My storage driver is zfs
I've triple confirmed no nouvea.
I'm remembering that I did a runfile installation on the host some time ago. I'll follow the nvidia instructions to do a complete uninstall of both the packaged driver and prior runfile.
No joy. Same results whether I do pkg installation or runtime installation. The host detects the gpus just fine. But the container just can't locate the required libraries.
Short of changing the host to Ubuntu, I don't what else to try.
This looks like an nvidia-container-toolkit on Debian11 kind of issue.

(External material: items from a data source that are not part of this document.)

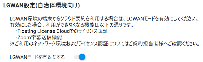 [LGWANモードを有効にする]をオンにしてください。
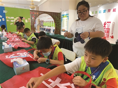 在下午的活動(dòng)中,小記者們來(lái)到城管義工展廳,學(xué)習(xí)用廢棄的橫幅手工縫制環(huán)保袋,積極響應(yīng)“低碳生活”的號(hào)召。許多小朋友都是第一次做針線活,但看到自己制作完成的環(huán)保袋后,充滿了成就感。
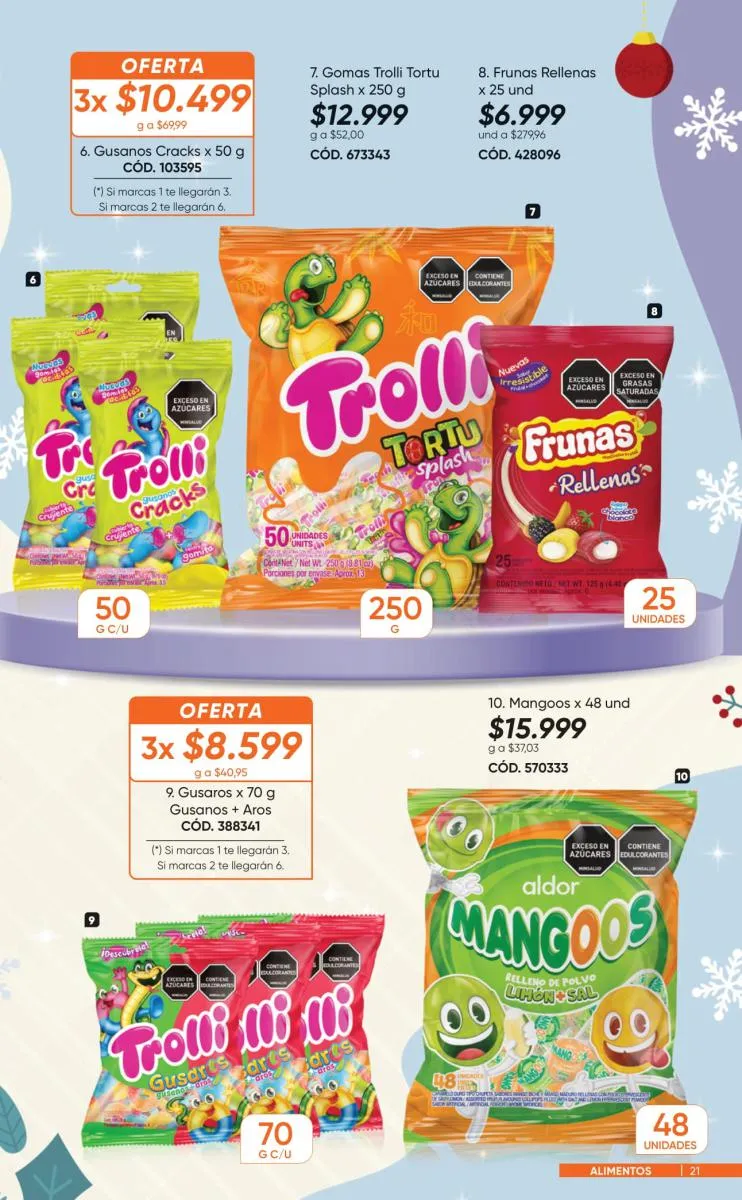 Hay mucho más en panquesitos de Santa, minipalitos con canela, arequipe, paquetes de buñuelos navideños y hasta tus gomitas Trolli para regalar un pedacito de Navidad.

Same result with a podman container:
--hooks-dir=/usr/share/containers/oci/hooks.d/ \
nvidia/cuda:11.0-base nvidia-smi
✔ docker.io/nvidia/cuda:11.0-base Trying to pull docker.io/nvidia/cuda:11.0-base... Getting image source signatures Copying blob b66c17bbf772 done Copying blob 54ee1f796a1e done Copying blob 46d371e02073 done Copying blob f7bfea53ad12 done Copying blob e5ce55b8b4b9 done Copying blob 3642f1a6dfb3 done Copying blob 155bc0332b0a done Copying config 2ec708416b done Writing manifest to image destination Storing signatures NVIDIA-SMI couldn't find libnvidia-ml.so library in your system. Please make sure that the NVIDIA Display Driver is properly installed and present in your system. Please also try adding directory that contains libnvidia-ml.so to your system PATH.
FYI - I got this working for a podman container running debian but only by running it rootful and privileged
That's pretty odd. Could you try running strace -f nvidia-smi
in the container, see what may be going on there?

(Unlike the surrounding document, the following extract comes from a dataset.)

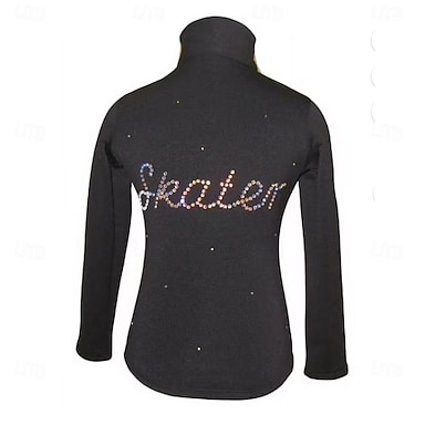 Giacca in pile per pattinaggio artistico Per donna Ragazze Pattinaggio sul ghiaccio Giacca Top Nero Patchwork Spandex Elasticizzato Allenamento Competizione Vestiti da pattinaggio sul ghiaccio Calore
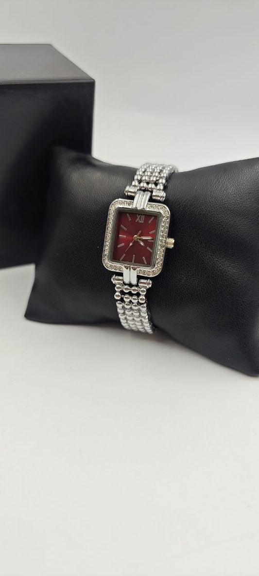 İNDİRİM 43%GÜMÜŞ RENK İÇİ KIRMIZI BAYAN SAATİ

It's really odd. I created a new container with all flags needed.
I ran nvidia-smi, and I got the same error about the library.
I did an apt update (not upgrade) and installed strace
ran 'strace nvidia-smi' got output!
after running with strace, now nvidia-smi is fine
there seems to be a dependency on strace which isn't installed by default in debian container images, now I'm wondering if I install strace on the host if that will fix it?

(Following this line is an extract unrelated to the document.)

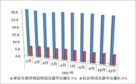 物流需求结构优化。1-11月,全国社会物流总额为229.9万亿元,按可比价格计算,同比增长6.7%,增速比1-10月回落0.1个百分点。从构成看,消费相关物流需求增势良好。单位与居民物品物流总额同比增速仍保持在30.3%的高速增长。

Did a quick test, strace on the host is not enough. Has to be installed in the container.
Ah, can you get a broken container and run ldconfig
inside of it, see if that fixes it?
$ lxc exec fred ldconfig ldconfig: File /lib/x86_64-linux-gnu/libnvidia-cfg.so.470.57.02 is empty, not checked. ldconfig: File /lib/x86_64-linux-gnu/libnvidia-allocator.so.470.57.02 is empty, not checked. ldconfig: File /lib/x86_64-linux-gnu/libnvidia-opencl.so.470.57.02 is empty, not checked. ldconfig: File /lib/x86_64-linux-gnu/libnvidia-compiler.so.470.57.02 is empty, not checked. ldconfig: File /lib/x86_64-linux-gnu/libnvidia-ml.so.470.57.02 is empty, not checked. ldconfig: File /lib/x86_64-linux-gnu/libnvidia-ptxjitcompiler.so.470.57.02 is empty, not checked. ldconfig: File /lib/x86_64-linux-gnu/libcuda.so.470.57.02 is empty, not checked.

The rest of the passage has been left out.